Device Memory

Note

The amount of Local, MSMC and DDR that is available for OpenCL use may change from release to release. The amount available for OpenCL use can be queried from the OpenCL runtime. This is illustrated in the platform example shipped with the product: /usr/share/ti/examples/opencl/platforms.

The following device components are relevant to the memory discussion for OpenCL.

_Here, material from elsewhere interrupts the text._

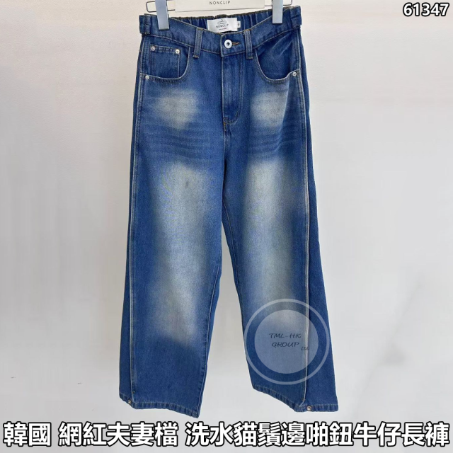 韓國 網紅夫妻檔 洗水貓鬚邊褲腳啪鈕牛仔長褲(闊褲/彎刀褲兩著)【26/1截單 | 預計2月尾到貨 | 20260121A(61347.)】

Attribute 66AK2H 66AK2L 66AK2E 66AK2G AM572x
ARM A15 CPU cores 4 2 4 1 2
C66 DSP cores 8 4 1 1 2
L1P per C66 core 32KB 32KB 32KB 32KB 32KB
L1D per C66 core 32KB 32KB 32KB 32KB 32KB
L2 cache shared across ARM cores 4MB 1MB 4MB 512KB 2MB
L2 memory per C66 core 1MB 1MB 512KB 1MB 288KB
DDR3 available up to 8GB up to 8GB up to 8GB 2GB 2GB
On-chip shared memory 6MB 2MB 2MB 1MB 1MB

The L1 and L2 memory areas in the C66x cores can be configured as all cache, all scratchpad or partitioned with both. For OpenCL applications, this partition defaults to the following values for each C66x core:

Attribute 66AK2H 66AK2L 66AK2E 66AK2G AM57x
L1P cache 32KB 32KB 32KB 32KB 32KB
L1D cache 32KB 32KB 32KB 32KB 32KB
L2 cache 128KB 128KB 128KB 128KB 128KB
L2 reserved 128KB 128KB 128KB 64KB 32KB
L2 available for OpenCL local buffers 768KB 768KB 256KB 832KB 128KB

Caching

The below image illustrates the memory regions in which OpenCL buffers may reside. Those regions are highlighted in blue. It also shows the paths from those regions through the caches to/from the C66x DSP cores. There are other busses for data movement on the device, for example to move data from ddr to L2 SRAM. This image, however, is focused on automatic data movement through cache memory.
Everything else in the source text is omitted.